“Well, you can’t go there!” said Miss Sharpe, sharply, looking daggers at Pet. “You are to sit in my division—which is the lowest!”
“Yes, I see it is,” said Pet; “but you needn’t get so cross about it. I should think, when my papa pays for me, I could sit wherever I like. I’m sure this hot old room, without even a carpet on the floor, ain’t much of a place to sit in, anyway.”
Another universal laugh, louder than the first, followed this; and the sixty pairs of eyes flashed with wicked delight—for Miss Sharpe was the detestation of the school.
“Silence!” called the head monitor, sternly.
Miss Sharpe clutched Pet’s shoulder with no gentle hand, and jerked her into a seat with an angry scowl.
“You must keep silence, Miss Lawless,” she began, with asperity. “Young ladies are not allowed to talk in the class-room. You will have to sit wherever you are placed, and make no complaints. Such rude behavior is not allowed here. Hold your tongue, now, and read this.”
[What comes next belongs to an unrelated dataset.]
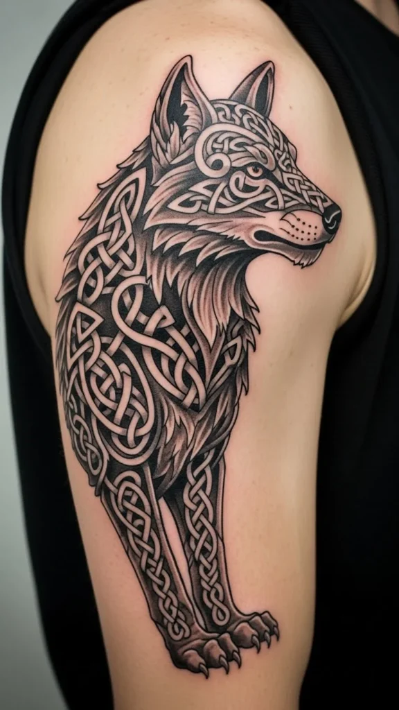 The wolf often reflects loyalty and instinct. Knot patterns avoid realism while keeping meaning clear.

Hereupon she took from her table the “First Book of Lessons,” and put it into Pet’s hand, with another scowl, darker, if possible, than the first.
Pet took it, and holding it upside down for a while, seemed to be intently studying, thinking all the while that life in a school-room was not only as pleasant, but considerably pleasanter, than she had anticipated.
But for Pet Lawless to keep silent any length of time was simply a moral impossibility; so, finding the cross teacher’s lynx eyes turned for a moment the other way, she bent over toward her next neighbor, a little red-eyed, red-haired girl, about her own age, and whispered, in strict confidence, pointing to Miss Sharpe:
“Ain’t she a horrid cross old thing?”